Please output every entry below exactly as written, leaving out any pictures.
(EXTRACTED INFORMATION begins)
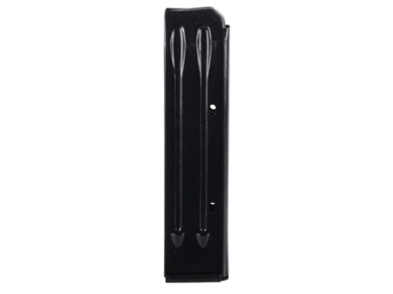 A 10-rd .45ACP caliber magazine for the .45 UZI carbine / SMG. The magazine body is constructed of heat treated steel with a black oxide finish. A heat-treated Chrome-silicon wire spring and precision molded polymer follower ensure reliable feeding and function.Made in the U.S.A.
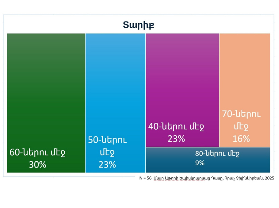 Մյուս կողմից՝ 70-ից բարձր տարիք ունեցողները կազմում են զգալի բաժին՝ ընդհանուրի 25%-ը, որտեղ 16%-ը պատկանում է 70-ականներին, իսկ 9%-ը՝ 80-ականներին, ինչը ցույց է տալիս ավագ սերնդի կարեւոր ներկայությունը եւ նրանց կուտակված փորձառության կարեւոր դերը։
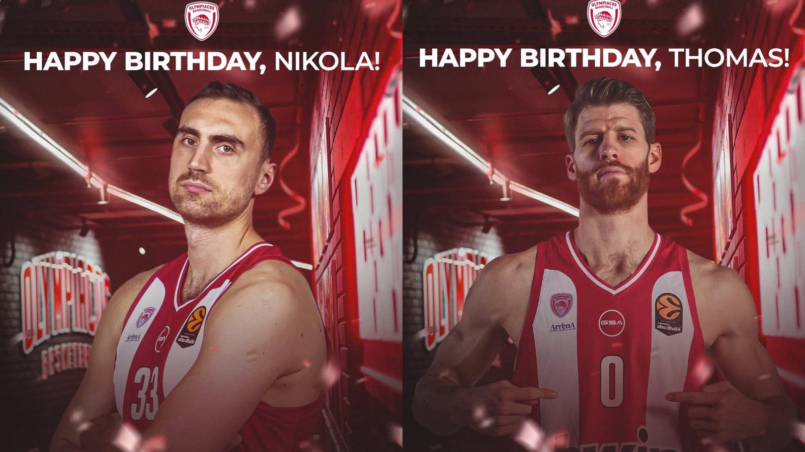 Η ΚΑΕ Ολυμπιακός ευχήθηκε χρόνια πολλά στον Νίκολα Μιλουτίνοφ και τον Τόμας Γουόκαπ, που έχουν σήμερα τα γενέθλιά τους, με τον σύλλογο να εκφράζει δημόσια τις ευχές του προς τους δύο καλαθοσφαιριστές.
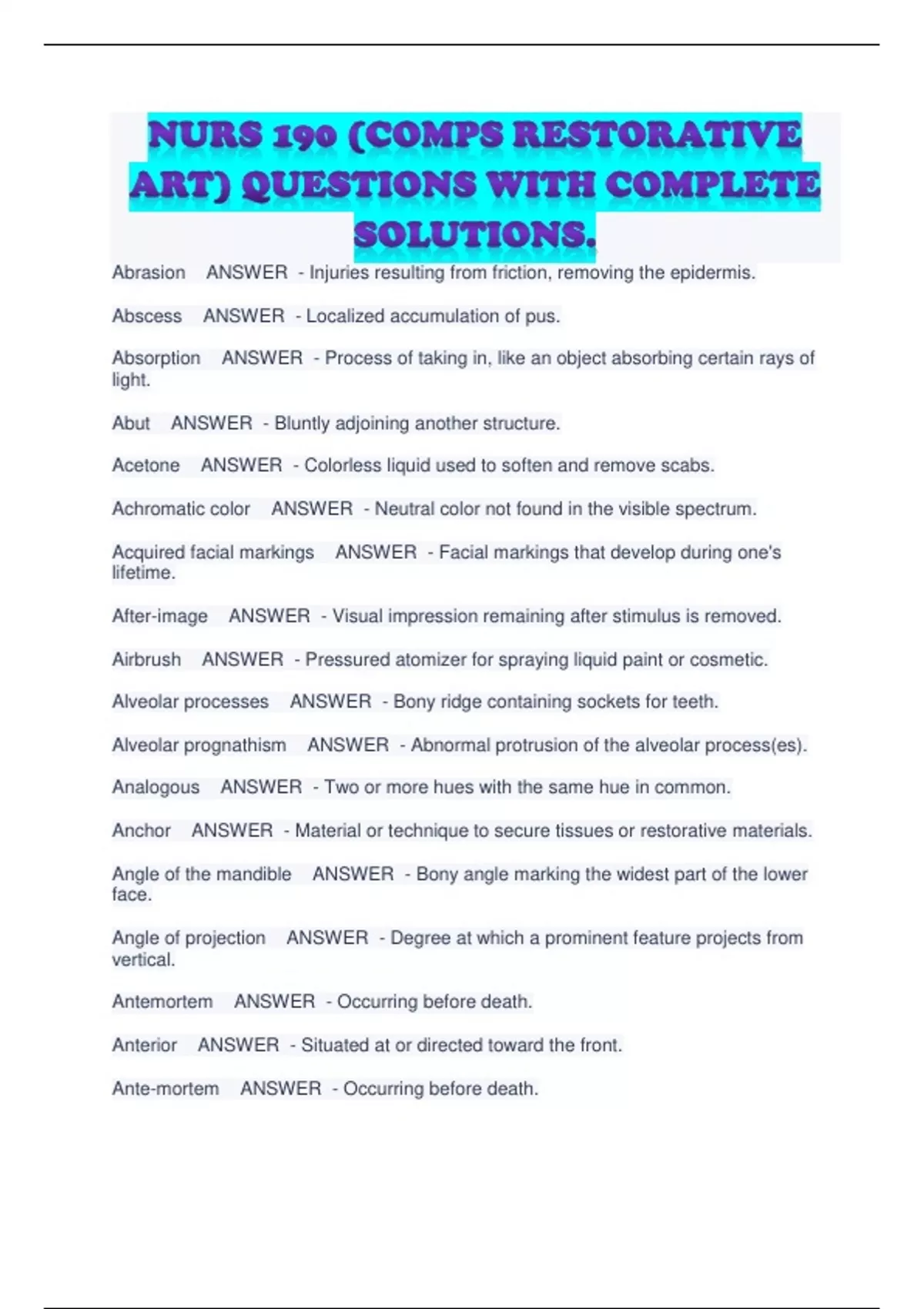 NURS 190 (COMPS RESTORATIVE ART) QUESTIONS WITH COMPLETE SOLUTIONS. NURS 190 (COMPS RESTORATIVE ART) QUESTIONS WITH COMPLETE SOLUTIONS. NURS 190 (COMPS RESTORATIVE ART) QUESTIONS WITH COMPLETE SOLUTIONS. NURS 190 (COMPS RESTORATIVE ART) QUESTIONS WITH COMPLETE SOLUTIONS. NURS 190 (COMPS RESTORATIVE ART) QUESTIONS WITH COMPLETE SOLUTIONS. NURS 190 (COMPS RESTORATIVE ART) QUESTIONS WITH COMPLETE SOLUTIONS. NURS 190 (COMPS RESTORATIVE ART) QUESTIONS WITH COMPLETE SOLUTIONS. NURS 190 (COMPS RESTORATIVE ART) QUESTIONS WITH COMPLETE SOLUTIONS. NURS 190 (COMPS RESTORATIVE ART) QUESTIONS WITH COMPLETE SOLUTIONS. NURS 190 (COMPS RESTORATIVE ART) QUESTIONS WITH COMPLETE SOLUTIONS. NURS 190 (COMPS RESTORATIVE ART) QUESTIONS WITH COMPLETE SOLUTIONS. NURS 190 (COMPS RESTORATIVE ART) QUESTIONS WITH COMPLETE SOLUTIONS. NURS 190 (COMPS RESTORATIVE ART) QUESTIONS WITH COMPLETE SOLUTIONS. NURS 190 (COMPS RESTORATIVE ART) QUESTIONS WITH COMPLETE SOLUTIONS. NURS 190 (COMPS RESTORATIVE ART) QUESTIONS WITH COMPLETE SOLUTIONS. NURS 190 (COMPS RESTORATIVE ART) QUESTIONS WITH COMPLETE SOLUTIONS. NURS 190 (COMPS RESTORATIVE ART) QUESTIONS WITH COMPLETE SOLUTIONS. NURS 190 (COMPS RESTORATIVE ART) QUESTIONS WITH COMPLETE SOLUTIONS.
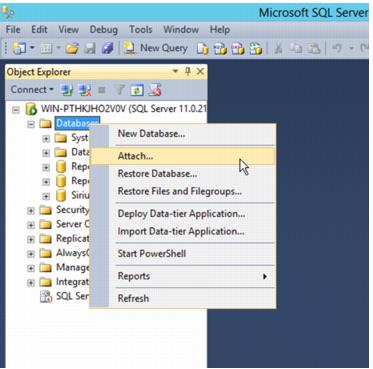 7. The next step is to attach the training database. With the Microsoft SQL Server Management Studio application still running, expand Databases on the left side of the screen.
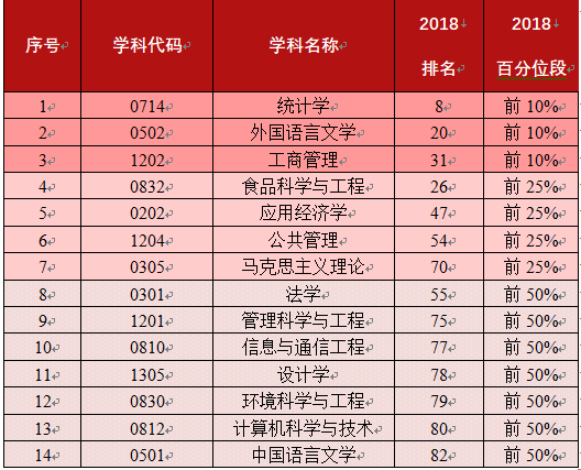 11月1日,2018软科“中国最好学科排名”正式发布,搜书吧 共有14个学科上榜。统计学、外国语言文学、工商管理3个学科进入全国前10%,其中,统计学位列全国第8;食品科学与工程等4个学科进入全国前25%;法学等7个学科进入全国前50%。
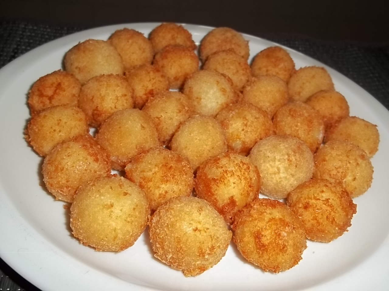Faça bolinhas pequenas com a massa e recheie. Passe as bolinhas na farinha de trigo, na clara e por último na farinha de rosca. Frite em óleo quente até que fiquem douradas. Sirva quente.
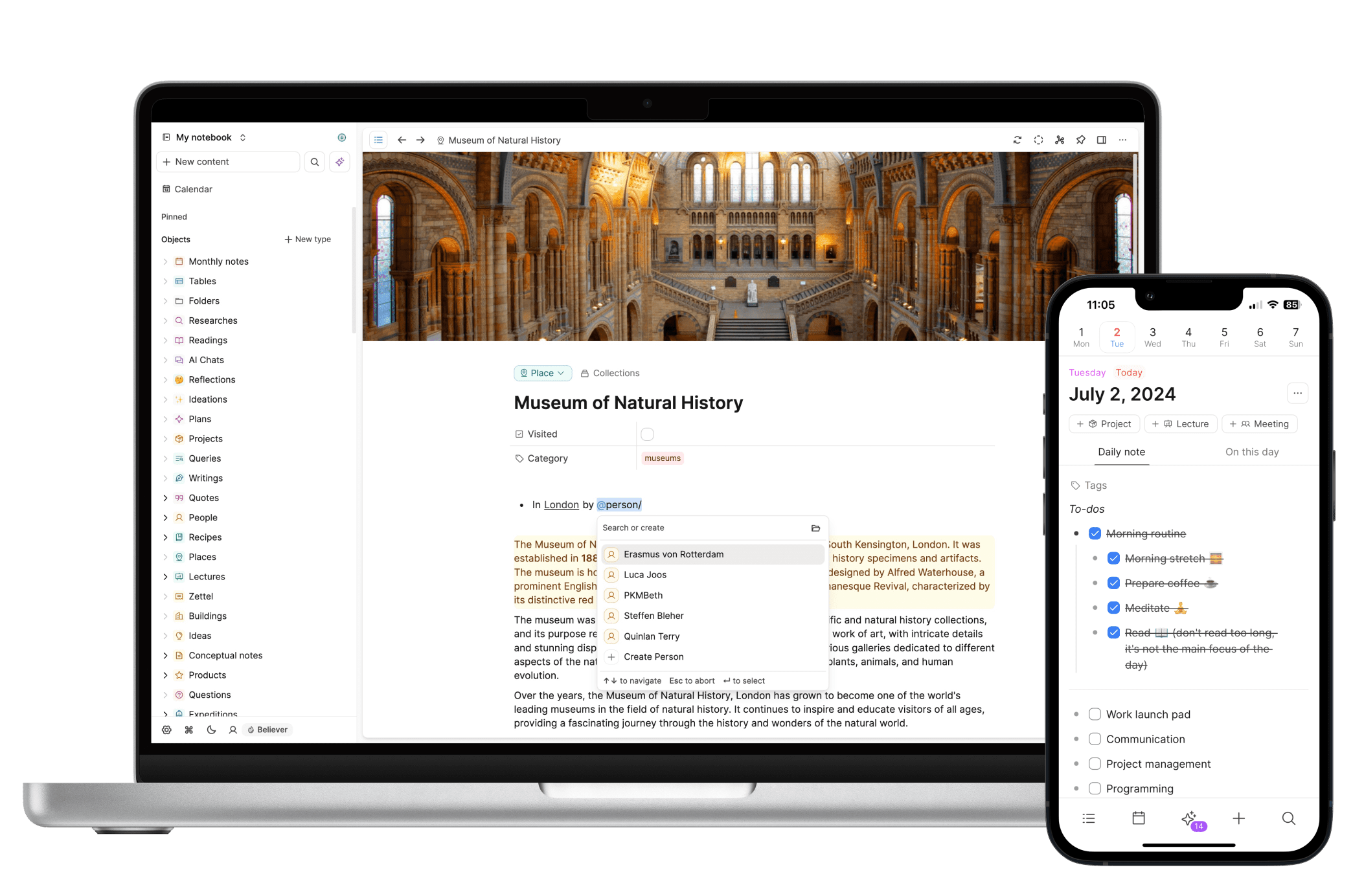 Instead of a one-size-fits-all note, Capacities lets you create lots of different kinds of objects, each with their own metadata and tab for browsing and organizing. (Daily Notes, People, and Books are some of the objects.) I’ve used it to create pages for important people in my life with various reference data about them, such as their birthdates and family members’ names. I also have dedicated pages for my beat companies, and keep them updated with information about organization charts, key dates, and other information.
(EXTRACTED INFORMATION ends)
COMPLETED TASK —
 A 10-rd .45ACP caliber magazine for the .45 UZI carbine / SMG. The magazine body is constructed of heat treated steel with a black oxide finish. A heat-treated Chrome-silicon wire spring and precision molded polymer follower ensure reliable feeding and function.Made in the U.S.A.
 Մյուս կողմից՝ 70-ից բարձր տարիք ունեցողները կազմում են զգալի բաժին՝ ընդհանուրի 25%-ը, որտեղ 16%-ը պատկանում է 70-ականներին, իսկ 9%-ը՝ 80-ականներին, ինչը ցույց է տալիս ավագ սերնդի կարեւոր ներկայությունը եւ նրանց կուտակված փորձառության կարեւոր դերը։
 Η ΚΑΕ Ολυμπιακός ευχήθηκε χρόνια πολλά στον Νίκολα Μιλουτίνοφ και τον Τόμας Γουόκαπ, που έχουν σήμερα τα γενέθλιά τους, με τον σύλλογο να εκφράζει δημόσια τις ευχές του προς τους δύο καλαθοσφαιριστές.
 NURS 190 (COMPS RESTORATIVE ART) QUESTIONS WITH COMPLETE SOLUTIONS. NURS 190 (COMPS RESTORATIVE ART) QUESTIONS WITH COMPLETE SOLUTIONS. NURS 190 (COMPS RESTORATIVE ART) QUESTIONS WITH COMPLETE SOLUTIONS. NURS 190 (COMPS RESTORATIVE ART) QUESTIONS WITH COMPLETE SOLUTIONS. NURS 190 (COMPS RESTORATIVE ART) QUESTIONS WITH COMPLETE SOLUTIONS. NURS 190 (COMPS RESTORATIVE ART) QUESTIONS WITH COMPLETE SOLUTIONS. NURS 190 (COMPS RESTORATIVE ART) QUESTIONS WITH COMPLETE SOLUTIONS. NURS 190 (COMPS RESTORATIVE ART) QUESTIONS WITH COMPLETE SOLUTIONS. NURS 190 (COMPS RESTORATIVE ART) QUESTIONS WITH COMPLETE SOLUTIONS. NURS 190 (COMPS RESTORATIVE ART) QUESTIONS WITH COMPLETE SOLUTIONS. NURS 190 (COMPS RESTORATIVE ART) QUESTIONS WITH COMPLETE SOLUTIONS. NURS 190 (COMPS RESTORATIVE ART) QUESTIONS WITH COMPLETE SOLUTIONS. NURS 190 (COMPS RESTORATIVE ART) QUESTIONS WITH COMPLETE SOLUTIONS. NURS 190 (COMPS RESTORATIVE ART) QUESTIONS WITH COMPLETE SOLUTIONS. NURS 190 (COMPS RESTORATIVE ART) QUESTIONS WITH COMPLETE SOLUTIONS. NURS 190 (COMPS RESTORATIVE ART) QUESTIONS WITH COMPLETE SOLUTIONS. NURS 190 (COMPS RESTORATIVE ART) QUESTIONS WITH COMPLETE SOLUTIONS. NURS 190 (COMPS RESTORATIVE ART) QUESTIONS WITH COMPLETE SOLUTIONS.
 7. The next step is to attach the training database. With the Microsoft SQL Server Management Studio application still running, expand Databases on the left side of the screen.
 11月1日,2018软科“中国最好学科排名”正式发布,搜书吧 共有14个学科上榜。统计学、外国语言文学、工商管理3个学科进入全国前10%,其中,统计学位列全国第8;食品科学与工程等4个学科进入全国前25%;法学等7个学科进入全国前50%。
Faça bolinhas pequenas com a massa e recheie. Passe as bolinhas na farinha de trigo, na clara e por último na farinha de rosca. Frite em óleo quente até que fiquem douradas. Sirva quente.
 Instead of a one-size-fits-all note, Capacities lets you create lots of different kinds of objects, each with their own metadata and tab for browsing and organizing. (Daily Notes, People, and Books are some of the objects.) I’ve used it to create pages for important people in my life with various reference data about them, such as their birthdates and family members’ names. I also have dedicated pages for my beat companies, and keep them updated with information about organization charts, key dates, and other information.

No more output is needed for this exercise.